*Data*:

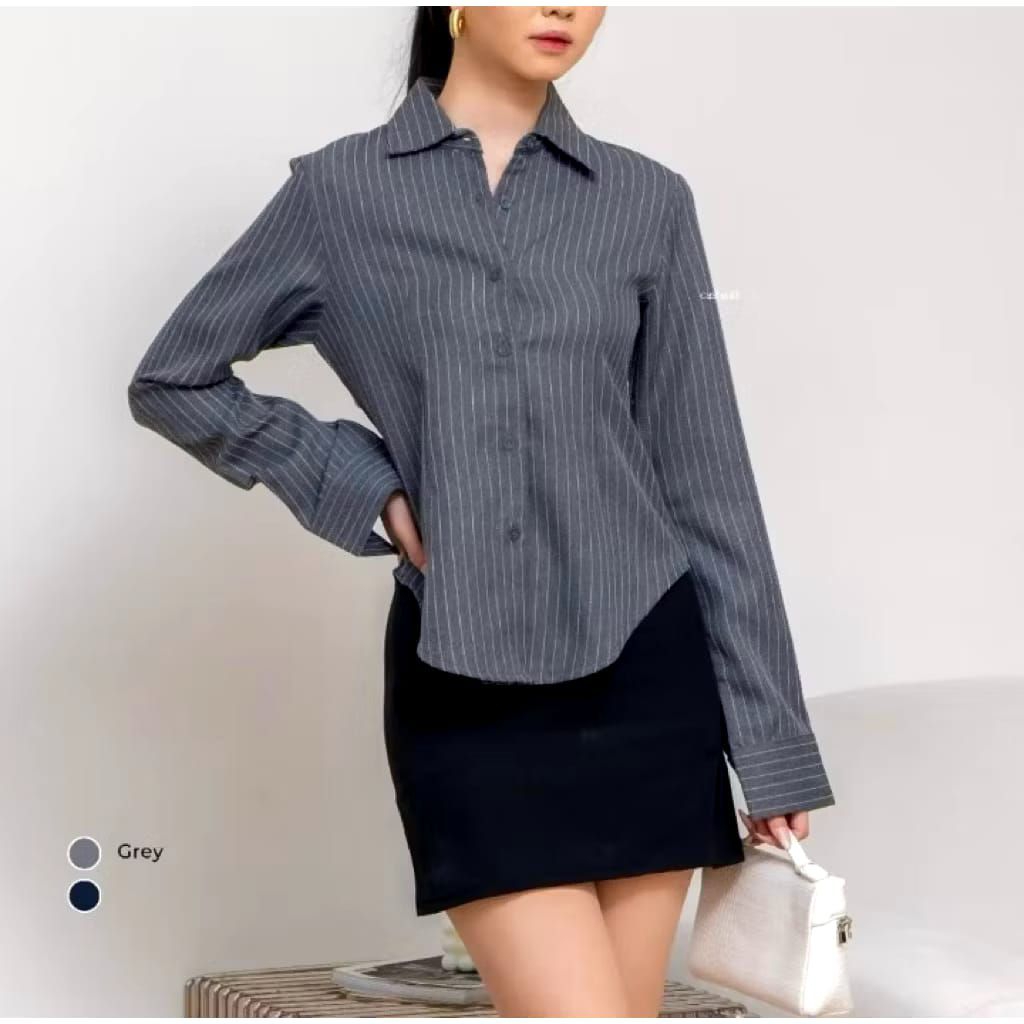 Luna Strip Fitted Shirt Kemeja Wanita Salur Garis Long Sleeve Slim fit Boddy - Atasan Kemeja Wispie Wanita Basic Casual
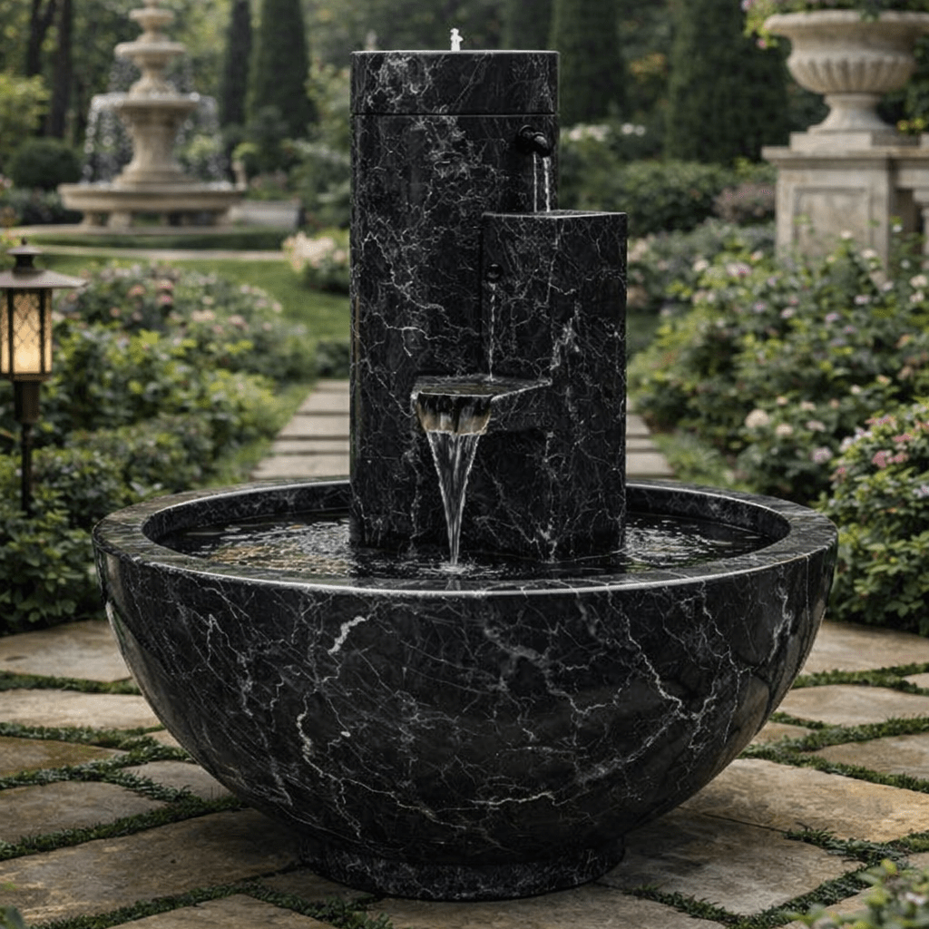 The Noir Cascade Marble Fountain is a striking contemporary water feature crafted from premium black marble with natural white veining. Its modern geometric design and smooth cascading water flow create a bold yet calming statement, making it perfect for luxury gardens, courtyards, and sophisticated landscape settings.
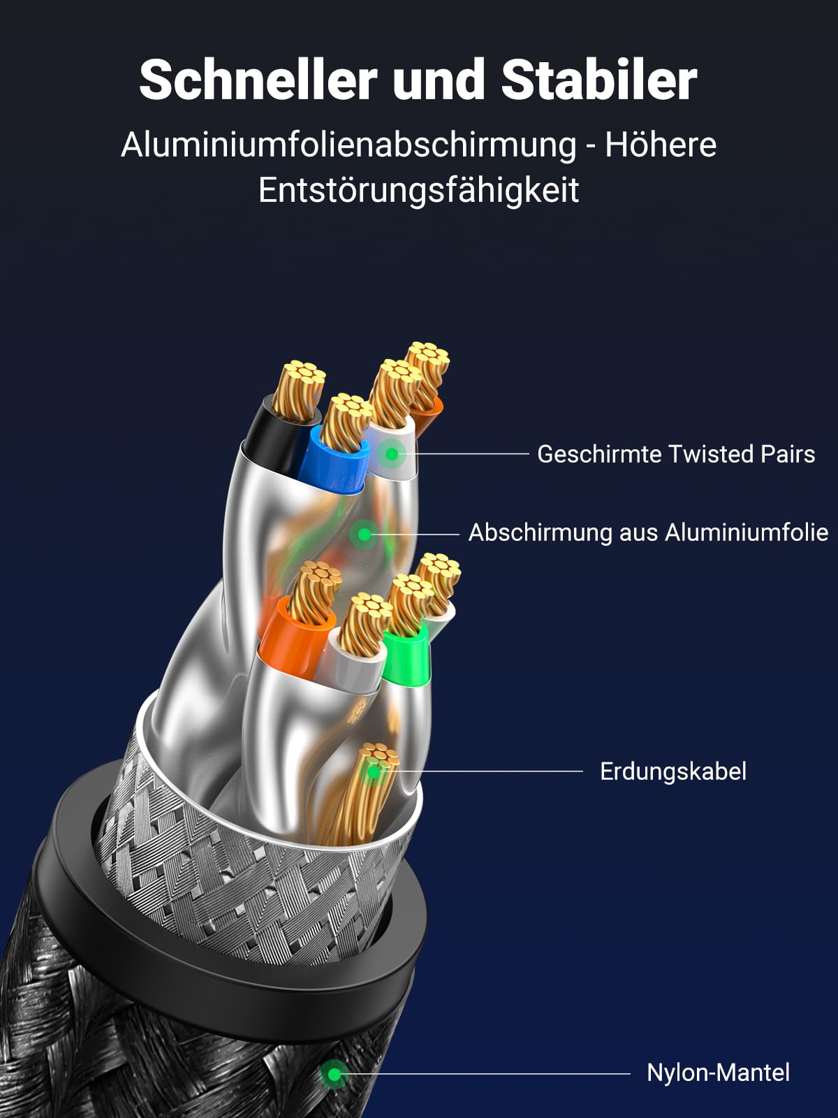 • Doppelte Abschirmung für Anti-Störung: Das Ethernet Kabel verfügt über inneren Kupferleiter und FTP Abschirmung (mit paarweisen verdrillten Adern und Gesamtmetallfolie). Im Vergleich zu Cat 7 und Cat 6 Kabel bietet unser Cat 8 Netzwerkkabel den besseren Schutz gegen äußere elektromagnetische Störeinflüsse an.
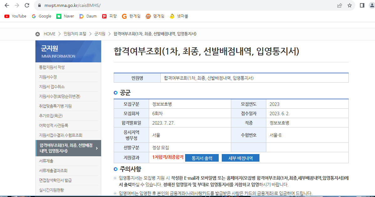 입영 통지서는 캡처하려고 하면 내용이 숨겨지므로 캡처하진 못했지만, 해당 입영통지서를 출력하면 된다.

*Goal of the exercise*:
All the data above is to be transcribed exactly, with no pictures included.

*Response to the exercise*:
 Luna Strip Fitted Shirt Kemeja Wanita Salur Garis Long Sleeve Slim fit Boddy - Atasan Kemeja Wispie Wanita Basic Casual
 The Noir Cascade Marble Fountain is a striking contemporary water feature crafted from premium black marble with natural white veining. Its modern geometric design and smooth cascading water flow create a bold yet calming statement, making it perfect for luxury gardens, courtyards, and sophisticated landscape settings.
 • Doppelte Abschirmung für Anti-Störung: Das Ethernet Kabel verfügt über inneren Kupferleiter und FTP Abschirmung (mit paarweisen verdrillten Adern und Gesamtmetallfolie). Im Vergleich zu Cat 7 und Cat 6 Kabel bietet unser Cat 8 Netzwerkkabel den besseren Schutz gegen äußere elektromagnetische Störeinflüsse an.
 입영 통지서는 캡처하려고 하면 내용이 숨겨지므로 캡처하진 못했지만, 해당 입영통지서를 출력하면 된다.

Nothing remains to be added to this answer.